メディアドゥの社長はなぜ、マイノリティーの登用を恐れないのか 情シス部長に50代半ばの女性、ベトナム人採用の背景(3/5 ページ)
情シス部長に50代半ばの女性を登用し、ベトナム人エンジニアを採用する――。メディアドゥホールディングスの社長、藤田恭嗣さんはなぜ、マイノリティーの登用を恐れないのか。
個々の社員の能力を最大化するために取り組んでいること
和田: サステナブルな経営をしていくためには、ダイバーシティも必要な要素だということですね。
藤田: その通りです。大事なのは、社員ひとり一人を個人としてリスペクトし、その人がやりたいこと、できることを、この会社の中でどう最適化できるのか――を考えていくことです。
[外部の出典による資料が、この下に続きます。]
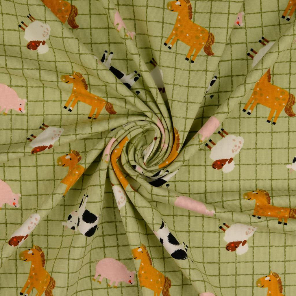 Nöff, muu, bääh och ett fasligt gnäggande. De är aldrig tysta det här gänget. Hästen mäter ca 5cm. Trikåtyg i en typisk tights/t-shirt-kvalite, med en stretch som gör att det lämpar sig både till tightare och lösare plagg. Det är mjukt, följsamt och framförallt väldigt bekvämt.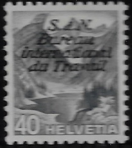 Für das Internationale Arbeitsamt (BIT). Freimarke mit 4 -zeiligem Aufdruck “SDN bureau intnational du Travail“ – Landschaften.

そのためには、それぞれの文化や意識の殻を破って理解し合うことを助ける仕組みや仕掛けが必要になるんです。
だから当社では、昔から成果主義による人事評価を一切しておらず、全て能力主義です。男性か女性かということはもちろん関係ないし、どれだけの成果を上げた、ということも重要ではない。その人が「会社に対してどれだけの能力を発揮してインパクトを与えているか」で評価をしています。
和田: 数字としての成果を上げたかどうかではなく、その人が周りに及ぼす影響などを見ているということでしょうか?
藤田: そうです。事業を作ることは私が担えるという自負があるから、社員に頼る気持ちはあまりないんですよ。ただ、マネジメントに関しては頼りたい。マネジメントで重要なのは、人を大切にできるとか、ちゃんと面倒を見ることができるとか、成果とは関係ないところが多いですよね。
昔から、「人事や総務情報システム部門といった管理部門を一番意識しなければいけない」とも言っています。PL(損益計算書)的な発想だと営業などに目が行きがちですが、管理部門の支えがあって会社が成り立っているわけですから。
事業を作るという部分は私の仕事で、そのプラットフォームの上で売上を上げるという意味での成績はみんなで作っていくものだから、誰かひとりの評価にはなりません。当然、普通ではとれない権利を獲得したとか、個人の力で成されることもあります。それは、権利許諾者から「君だったら任せてもいいよ」といわれるようなレベルに達したということで、能力として評価しますが、成果は全くありません。